On Thursday, September 01, 2005 10:27:46 AM -0600 Dexter 'Kim' Kimball 
<dhk@ccre.com> wrote:

>  If the version numbers are the same then the
> client updates the callback state and no data transfer occurs.  OTOH if
> the file has been changed and the version numbers are different, the
> client receives data and then updates the callback state.

That's approximately correct.  For every vnode it knows about, the client 
maintains information indicating whether it has current metadata for that 
vnode and, if so, for how long.  A callback granted by the fileserver (for 
example, as part of a FetchStatus operation) extendes the "for how long" 
timer; a callback broken causes the metadata to be invalidated immediately.
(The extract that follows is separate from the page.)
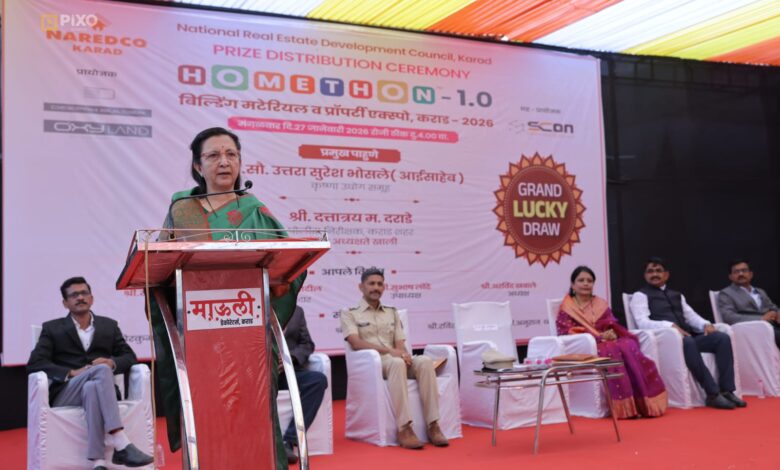 मलकापूर (कराड) येथे 23 ते 27 जानेवारी दरम्यान नरेडको (NAREDCO) संस्थेच्या वतीने आयोजित भव्य ‘होमथॉन 1.0’ प्रॉपर्टी व बिल्डिंग मटेरियल एक्स्पोच्या सांगता सोहळ्यात त्या प्रमुख पाहुण्या म्हणून बोलत होत्या. कार्यक्रमाच्या अध्यक्षस्थानी कराड शहर पोलीस ठाण्याचे पोलीस निरीक्षक दत्तात्रय दराडे होते. यावेळी नरेडकोचे संस्थापक अध्यक्ष अरविंद खबाले, उपाध्यक्ष सुभाष लोंढे, सौ. शर्मिष्ठा खबाले, व्हिजन डेव्हलपर्सचे प्रशांत चव्हाण, प्रवीण पाटील यांच्यासह मान्यवरांची उपस्थिती होती.

Whenever the client wants to use a vnode, it checks to see whether it has 
current, valid metadata.  If not, it does a new FetchStatus call to update 
its copy of the metadata; this also gets it a new callback.

If the operation involves reading or writing _data_, then the client must 
insure it has an up-to-date copy of the data chunk it is working with.  To 
facilitate this, part of the metadata is a "data version" number, and each 
cache chunk is tagged with the DV of the file whose contents it contains. 
If the DV on a chunk does not match that in the file's metadata (which we 
previously validated), then the client needs to fetch a new version of the 
part it cares about.

> I'm looking for definitive answers to the following.  Assume RW volumes
> throughout.
> 1.  When a fileserver sends a BCB to a given client, does it wait for a
> response or does it send the BCB and handle responses asynchronously?  I
> believe it used to wait for a response and that it no longer does so.

On a normal operation, the fileserver will attempt to break callbacks 
synchronously; that means it waits for each client which has a callback on 
the file being updated.  The calls are sent out simultaneously (using 
rx_multi), so you only have to wait for a single call timeout no matter how 
many clients are holding callbacks.  And, the fileserver will not waste 
time trying to break a callback on a client it already knows is "down"; 
instead, it will add it to the delay queue.

On an operation such as a volume restore, the fileserver must break all 
callbacks held by any client on that volume.  In 1.2, this is done 
synchronously in the fssync thread, which means the volserver has to wait 
for it.  In 1.4, it will be done in a dedicated "callbacks later" thread, 
allowing the fileserver to respond to the fssync request immediately.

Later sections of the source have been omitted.